_WHAT YOU WILL DO:_ Write the listing out again word for word. Pictures do not belong in the copy.

_SUPPLIED INFORMATION:_
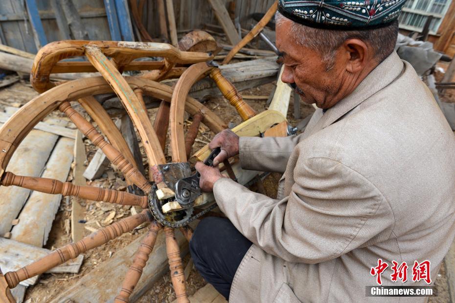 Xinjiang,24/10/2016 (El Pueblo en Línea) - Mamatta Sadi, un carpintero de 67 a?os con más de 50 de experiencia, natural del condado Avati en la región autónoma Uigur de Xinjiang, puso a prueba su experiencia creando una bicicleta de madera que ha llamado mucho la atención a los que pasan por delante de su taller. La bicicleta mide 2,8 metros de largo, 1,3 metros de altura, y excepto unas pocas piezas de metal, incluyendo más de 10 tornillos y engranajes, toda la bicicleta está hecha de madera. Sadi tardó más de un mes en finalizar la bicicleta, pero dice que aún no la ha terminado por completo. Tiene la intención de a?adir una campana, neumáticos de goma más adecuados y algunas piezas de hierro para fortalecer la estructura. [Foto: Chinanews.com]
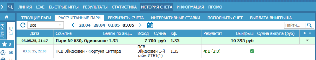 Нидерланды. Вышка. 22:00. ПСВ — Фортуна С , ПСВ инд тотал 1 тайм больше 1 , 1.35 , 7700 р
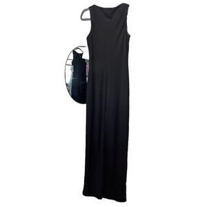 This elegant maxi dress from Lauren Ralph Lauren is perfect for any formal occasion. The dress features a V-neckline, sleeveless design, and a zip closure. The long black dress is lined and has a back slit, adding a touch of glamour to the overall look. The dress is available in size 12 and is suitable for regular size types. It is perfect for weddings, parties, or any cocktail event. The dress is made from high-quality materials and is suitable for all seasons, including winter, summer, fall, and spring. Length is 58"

_RESULT FOR THIS TASK:_
 Xinjiang,24/10/2016 (El Pueblo en Línea) - Mamatta Sadi, un carpintero de 67 a?os con más de 50 de experiencia, natural del condado Avati en la región autónoma Uigur de Xinjiang, puso a prueba su experiencia creando una bicicleta de madera que ha llamado mucho la atención a los que pasan por delante de su taller. La bicicleta mide 2,8 metros de largo, 1,3 metros de altura, y excepto unas pocas piezas de metal, incluyendo más de 10 tornillos y engranajes, toda la bicicleta está hecha de madera. Sadi tardó más de un mes en finalizar la bicicleta, pero dice que aún no la ha terminado por completo. Tiene la intención de a?adir una campana, neumáticos de goma más adecuados y algunas piezas de hierro para fortalecer la estructura. [Foto: Chinanews.com]
 Нидерланды. Вышка. 22:00. ПСВ — Фортуна С , ПСВ инд тотал 1 тайм больше 1 , 1.35 , 7700 р
 This elegant maxi dress from Lauren Ralph Lauren is perfect for any formal occasion. The dress features a V-neckline, sleeveless design, and a zip closure. The long black dress is lined and has a back slit, adding a touch of glamour to the overall look. The dress is available in size 12 and is suitable for regular size types. It is perfect for weddings, parties, or any cocktail event. The dress is made from high-quality materials and is suitable for all seasons, including winter, summer, fall, and spring. Length is 58"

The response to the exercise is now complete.